For each $n\in\mathbb{N}$ let
$$f_n(x)=ax^n+b\cos\left(\frac{x}{n}\right), \text{ } x\in[0,1].$$
Find all values of $a$ and $b$ for which $(f_n)$ is a Cauchy sequence in $C[0,1]$, the space of continuous functions on $[0,1]$ equipped with the metric
$$d(f,g)=\sup_{x\in[0,1]}|f(x)-g(x)|.$$
EDITTED:
My working:
For any given $\epsilon>0$ we need to find an integer $N$ such that for all $m,n\geq N\implies d(f_m,g_n)<\epsilon$.
So we have
$d(f_m,g_n)=\sup_{x\in[0,1]}|f_m(x)-g_n(x)|$
$=\sup_{x\in[0,1]}|a(x^n-x^m)+b(\cos\left(\frac{x}{m}\right)-\cos\left(\frac{x}{n}\right))|$
I get stuck if I used the definition of Cauchy.

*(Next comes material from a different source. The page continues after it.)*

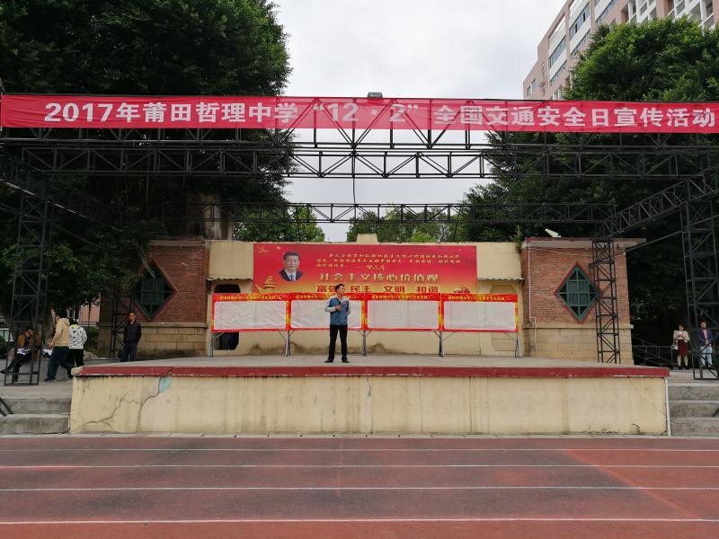 大家早上好!今天由我在国旗下讲话,今天我要讲的是主题活动一是第六个12.2“全国交通安全日”主题是:《尊法守规明礼,安全文明出行》,交通安全关系到我们每一个人的生命安全,关系到千家万户的幸福生活。不久前仙游就发生两起交通安全的事故,一起公交车事故一起骑电动车事故。同学们,生命给予每一个人只有一次,请珍爱生命,遵守交通法规,安全出行。为此,我们通过这次“交通安全教育宣传日”活动提高我们的交通安全意识,增强交通安全法制意识。今天,就交通安全工作,想给同学们提以下几点要求。 1、步行,行人须在人行道内行走,没有人行道靠右边行走。穿越马路须走人行横道(斑马线),通过没有红绿灯的人行道,要左顾右盼,注意来往车辆,不准追逐,奔跑;不准在车辆临近时突然横穿;不准翻越马路边和路中的护栏、隔离栏,不准在道路上扒车、追车、强行拦车或抛物击车。 2、骑自行车。应该注意:不平行骑车、不打伞骑车、不脱手骑车、不骑车带人、不骑“病”车、不骑快车、不与机动车抢道、不并排骑车、不互相追逐或曲折行使、不要闯红灯、不要争道抢行,急转猛弯等等。

As mentioned by Martín-Blas Pérez Pinilla, the space $C[0,1]$ is complete, hence Cauchy implies convergent and conversely?
My doubt is, since the metric is the supremum metric, is the convergence that we are talking about the uniform convergence?

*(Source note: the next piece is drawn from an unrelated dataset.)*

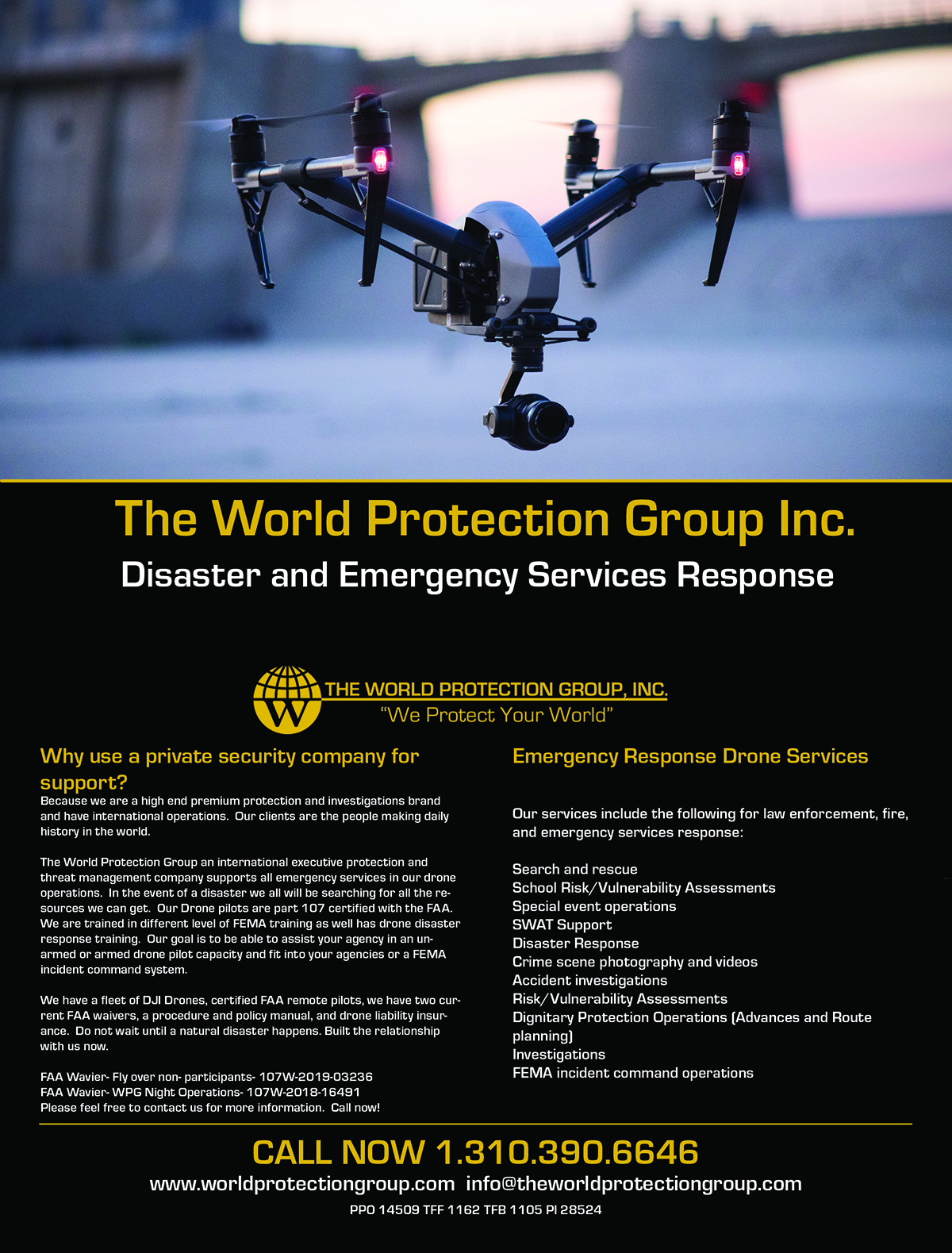 The World Protection Group (WPG) offers full-service executive protection both in the U.S. and internationally, providing the most robust protection and threat management services through intelligence and an emphasis on proactive and preventive protection. Founded in 2001 by Kent Moyer and headquartered in Beverly Hills, California, WPG also has offices in Mexico City/Mexico, Shanghai/China, and Okinawa/Japan. WPG has been at the forefront of innovation in the Executive/Dignitary protection industry for the past twenty-one years. As the leading company in the industry to use and integrate drones into our security & emergency operations, WPG is the only US-based security company with four FAA drone waivers and airspace authorizations for the entire Los Angeles County.

But we don't know the limit apriori yet, then how can we show that it is convergent?
Can anybody please give some helps on how to proceed?
Thanks in advance! Really appreciate it!
Hint: your space is complete, so Cauchy $\implies$ convergent. Now, what happens with the pointwise limit?